In my organization, our server infrastructure team has historically held all admin access to production servers. We're recently trying to strengthen our security posture, so we have hired several new security engineers. We are investing significant funds in new toolsets for them, and we are also trying to identify where we need to change our policies and security models to enable them to do their jobs effectively.
Some of the security engineers believe that they should have admin access to the production servers, in order to investigate suspicious activity, as reported by their new tools.
It has been proposed by the server infrastructure team that they could grant access to individual servers on an as-needed basis for specific incidents.
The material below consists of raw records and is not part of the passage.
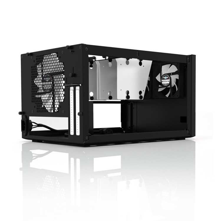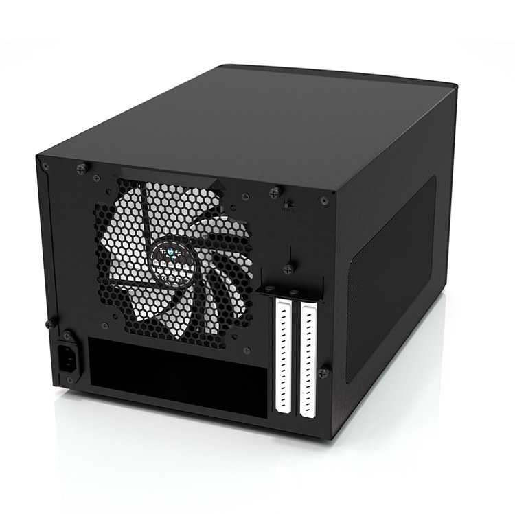 Cubo mini ITX con frontal de aluminio y capacidad para instalar hasta 6 discos duros.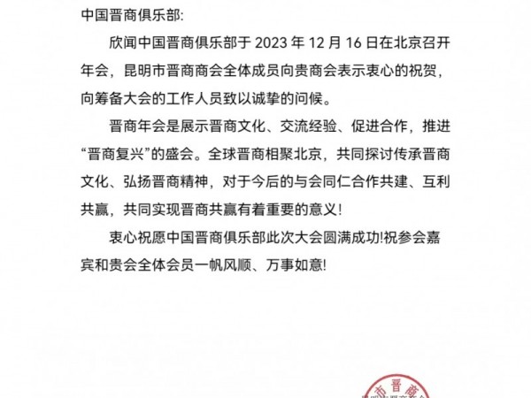 昆明市晋商商会预祝2023第十三届晋商年会圆满成功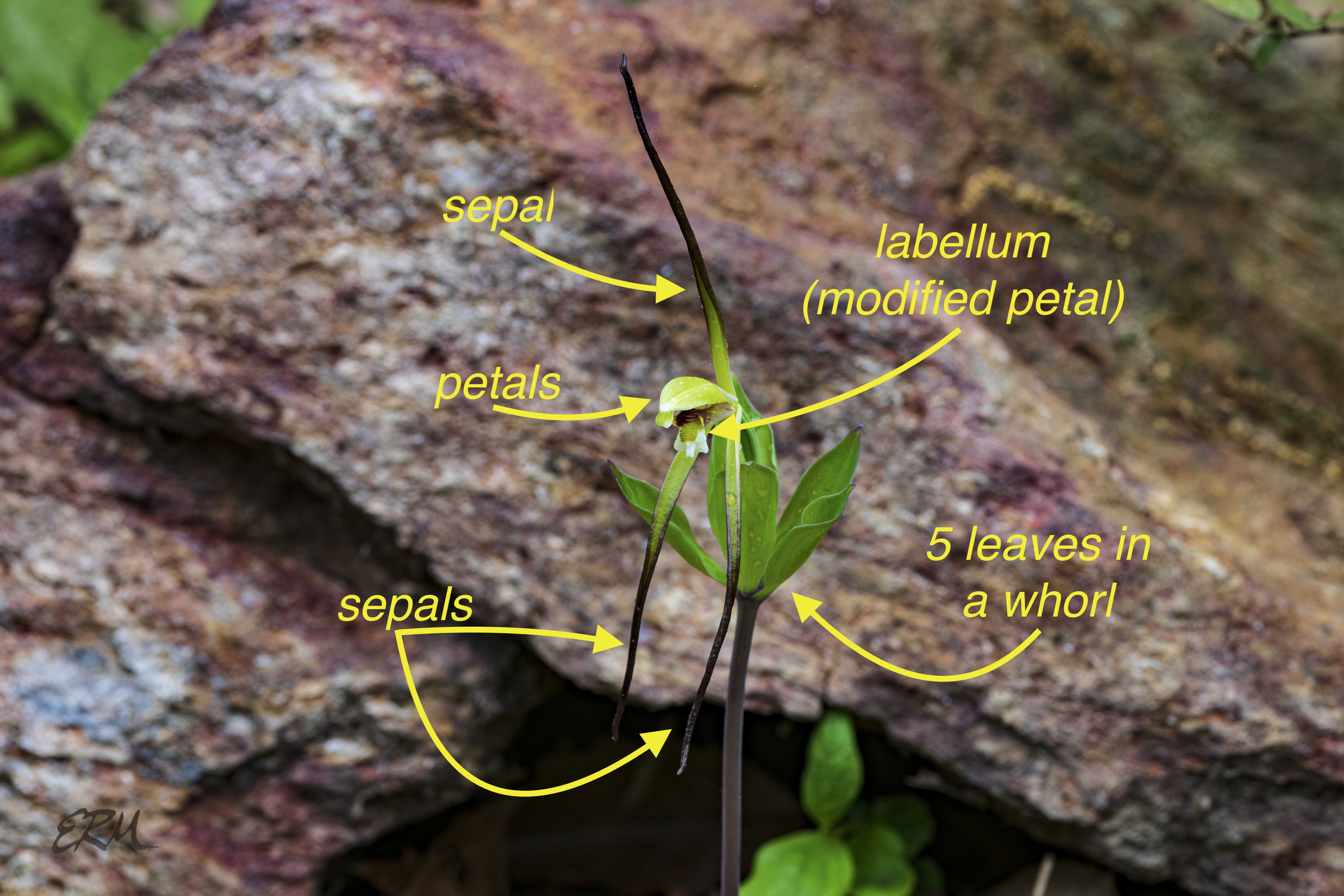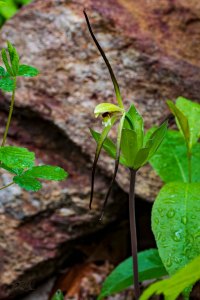 To be fair, a flower like this is hard to spot. Standing only about 8 to 10 inches tall, and colored green, yellow, and brown, it’s well-camouflaged among the leaf litter and other plants.

The security engineers argue that such a high-friction process would potentially slow down investigations, which by their nature often take place in situations where minutes count, and where they don't really know which servers they will need access to until they're elbow-deep in the investigation, and pausing every few minutes to request access to a new server would be unnecessarily cumbersome. The server infrastructure team argues that the security engineers' tools should provide visibility into the broad majority of the data the engineers need, and they are reluctant to grant blanket admin access to the engineers.
Are there recommended best-practices for such situations? I understand the server infrastructure team's desire to maintain principle-of-least-privilege for security's sake. But I also understand that security engineers are somewhat implicitly trusted by the nature of their role. In large organizations, how is security engineers' access to servers typically managed?